The U.S.’s biggest threat today is China. China provides low-wage, low-cost advanced technology. The country has adopted the technique originally modeled by Japan of manipulating currency to gain advantage. In undervaluing its own currency, the amount of exports increases. China has also been purchasing U.S. government bonds to create leverage when making policies with the U.S.
The country’s large population has created a surplus of workers. The location has become a favored global sourcing destination. China’s evolving legal system is still of concern to many. Intellectual property issues have left the country with a bad reputation.
Of interest is the fact that English-speaking individuals are hard to come by in China. This creates a lack of service workers who would have to deal with U.S. customers. The Chinese government has invested U.S. $4.5 billion in nine universities in attempts to promote English speakers. China’s main sourcing industry has seen success with manufacturing and production.
As the third largest world trader, China is responsible for recent growth in world trade and thus, the economy. Domestic demand in China has played a chief role on foreign trade balance. Foreign direct investment has also played an important role in the globalization of China. The country is also expected to engage in discussions on bilateral free trade areas this year.
India’s BPO (Business Process Outsourcing) sector currently employs 250,000 people. That number is expected to grow to 1.1 million by 2008. “It is estimated that today’s market revenues of U.S. $3.6 billion will reach US $22 billion by 2008.” India has had success in the following industries: auto, engineering, travel, hospitality, retail and banking (Hewitt, 2004).

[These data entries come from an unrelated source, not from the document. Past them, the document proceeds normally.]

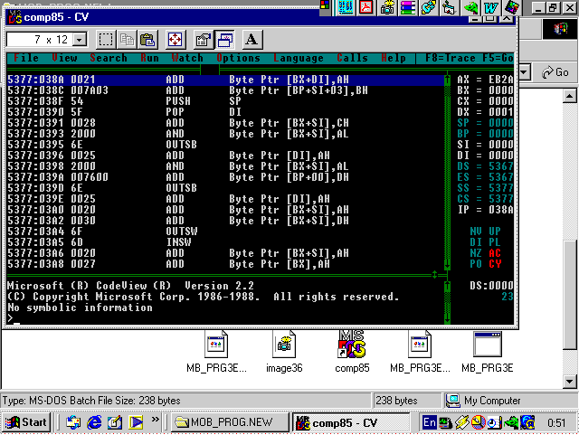 Загрузив старенькую 16-ти разрядную программку в отладчике Code View, а затем начав медленно (команда за командой) её выполнять, попадаешь в своеобразный мир компьютерного процессора. В нём все байты, которые есть в двоичном программном файле, превращаются в машинные команды процессора. Видя как процессор выполняет команду за команду языка ассемблера, как бы наглядно следишь за тем, как каждая выполняемая процессором команда, говорит о решении, которое принимает и делает твой компьютер.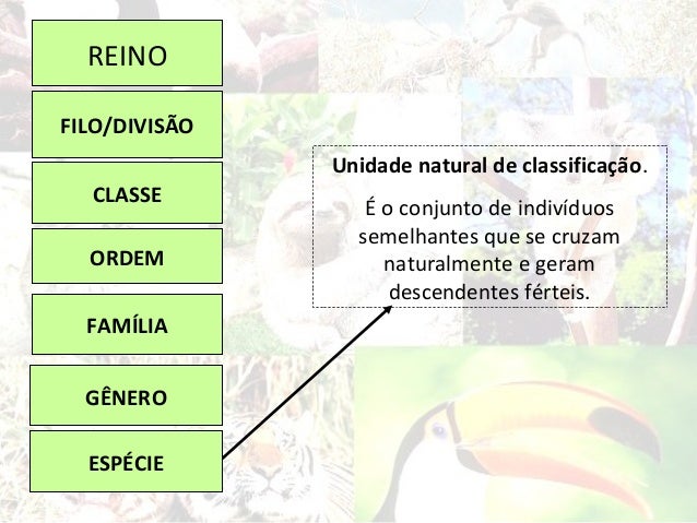 4. 4. REINOFILO/DIVISÃO Unidade natural de classificação. CLASSE É o conjunto de indivíduos semelhantes que se cruzam ORDEM naturalmente e geram descendentes férteis. FAMÍLIA GÊNERO ESPÉCIE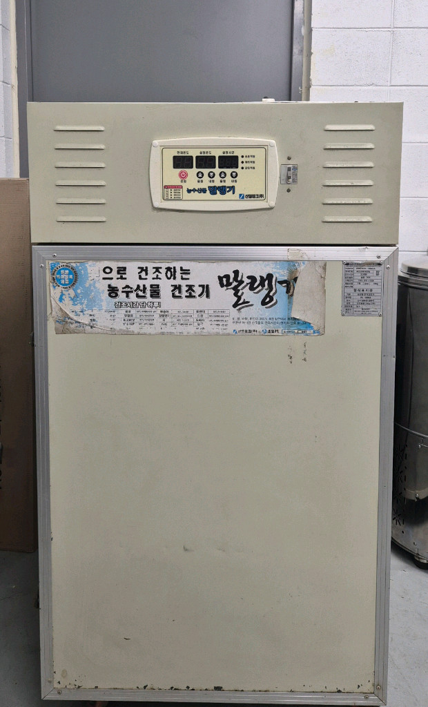 말랭기 PS-1000A 고추 식품 간식을 회전하며 고르게 말려줍니다. 고장없이 튼튼하기로 유명한 제품이라고 합니다. 밖에 내놓아 외관은 별로지만 짱짱하게 잘 돌아갑니다. 채반칸: 7칸 채반수 :12개 크기:750/810/1320cm 무게:70kg 고추건조용량:25kg 정격소비전력:2.5kw 부천 직거래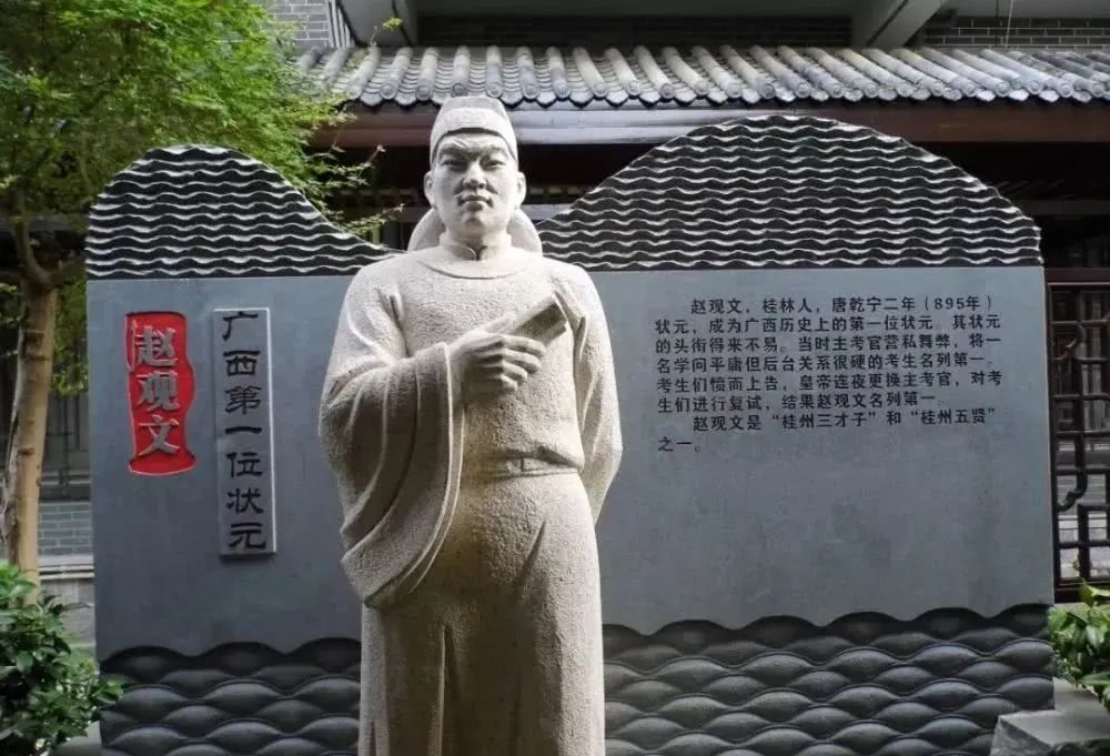 唐昭宗乾寧二年(895),這時歷史已經(jīng)進入到唐末,貞觀之治的欣欣向榮與開元盛世的繁華奢靡已成為遙遠的夢幻。安史之亂帶來的宦官專權(quán),外蕃割據(jù)的混亂局面到此時達到了頂峰,生于斯、長于斯的趙觀文滿腹的詩書經(jīng)綸,滿腔的報國熱情終將成為明日黃花,最后激流勇退,老守田園。然而他的狀元功名的取得卻激勵了更多的廣西學子,帶動了廣西文化的發(fā)展;他清廉不阿的品德,被后人所敬仰,并成為廣西官員學習和效仿的典范。他去世后,人們建“五賢祠”來紀念他,將他與同時代的桂林陽朔詩人曹鄴、臨桂詩人曹唐并稱為“桂州三才子”。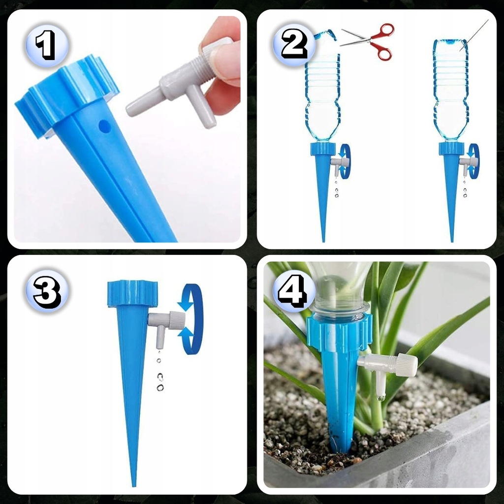 Пристрій для крапельного поливу є надзвичайно універсальним. Завдяки тому, що диспенсер для води підходить для більшості пляшок з напоями, ви можете легко відрегулювати розмір резервуара для води відповідно до розмірів каструлі. Це дозволяє точно регулювати кількість води під потреби кожної рослини, що позитивно позначається на її стані та зростанні.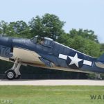 Wings of the North’s Chance-Vought F4U-4 Corsair Bu.97388 tucking up her gear after take off. (photo by George Land)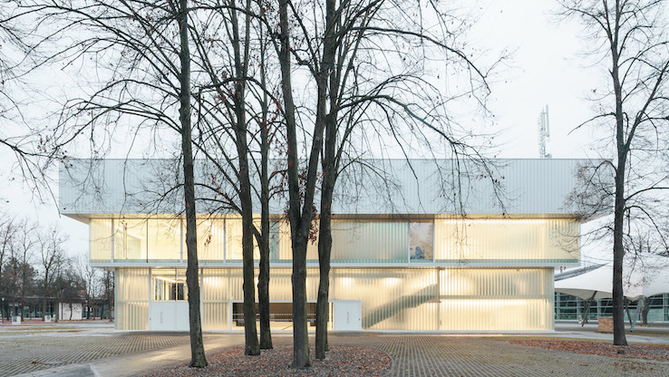 Pavilón pôsobí na prvý pohľad čisto a jednotene aj zvonku. Zatiaľ čo interiér ovláda betónová podlaha a najmodernejšie technológie, exteriér sa nesie v duchu minimalizmu. Spodné dve poschodia sú vzdušné. Výrazový minimalizmus podčiarkuje copilitová stena, ktorá v exteriéri vytvára príjemné farebné efekty. Na subtílne pôsobiace spodné poschodia je osadená zdanlivo ťažko pôsobiaca hmota strechy. Trochu netradične je však zrealizovaná v bielej farbe. Všetko je tak dokonale zjednotené.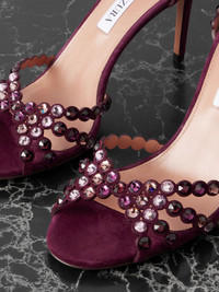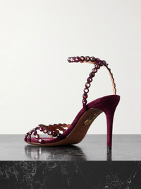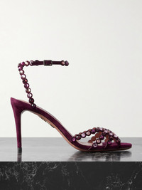 Aquazzura's 'Tequila' sandals are a glamorous choice for cocktail hour. Crafted in Italy from suede, they have a retro-inspired caged silhouette embellished with rows of sparkling crystals. The stiletto heels offer 85mm of lift. Size & Fit - Fits true to size, take your normal size - Italian sizing Details & Care - Heel measures approximately 85mm/ 3.5 inches - Dark-purple suede (Goat) - Buckle fastening ankle strap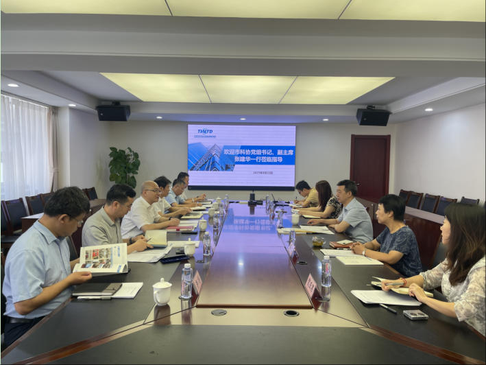 8月22日,市科协党组书记、副主席张建华,党组成员、副主席周子刚一行来战略院走访调研,参观院史展厅、文书苑及MAI实验室,并开展座谈交流。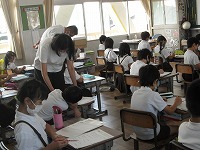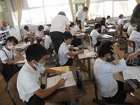 3年生が、算数で「あまりのある割り算」のプリントに取り組んでいました。割り算の筆算をするときには、掛け算を使います。たくさん計算をすることで、「掛け算を使って割り算をする」ことに早く慣れていけるといいですね。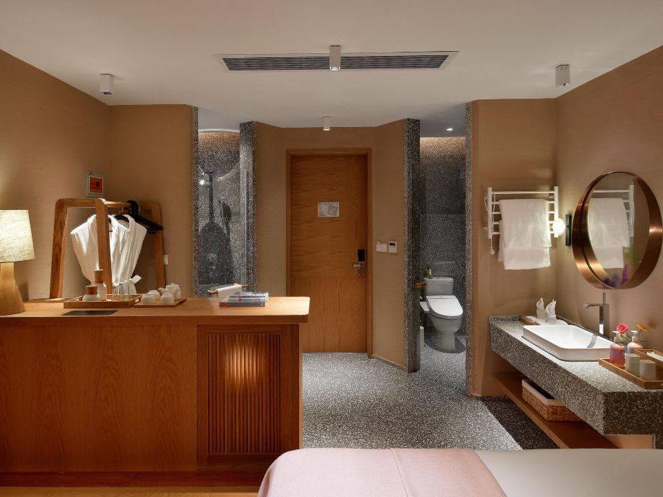 温泉馆面向阳山,分日式男女汤,每个泡池配日式山水院景;可以一边体验汤浴的温暖,一边欣赏落地窗外若隐若现的日式园林艺术。(酒店按实际情况提供)

The Philippines has achieved success with call centers, medical transcription, software, animation, and transactional processing, such as financial/banking processes. “The country boasts a robust infrastructure, good international connectivity, surplus power, strong cultural affinity with the U.S., and quality human resources” (Hewitt, 2004).
The emergence of China and India can provide benefits to our economy. As these two countries develop as markets, we will be able to sell goods and services to them. However, the number of U.S. exports is currently being squashed by the number of our imports.
The Future of Sourcing
The future of global marketing is not known at this stage of the game. There are many theories however. One such theory is that over the next 20 to 30 years, the rise of the four largest emerging markets, known as the BRICs – Brazil, Russia, India and China, could create a dramatic effect on the world economy. In turn, China and
India could surpass most of the major economics. Currency appreciation, in addition to growth could help BRICs rise.
In conclusion, global sourcing makes good sense. If work can be performed more efficiently and for less cost elsewhere, why not? Additionally, the benefits may be seen worldwide. Opportunities for growth and expansion in other areas here in the U.S. will open up as the more menial, labor-intensive positions move elsewhere. However, larger countries, such as the U.S., China and Japan, need to ensure that human rights laws are not violated when entering into contracts with other countries, and within their own employment sector.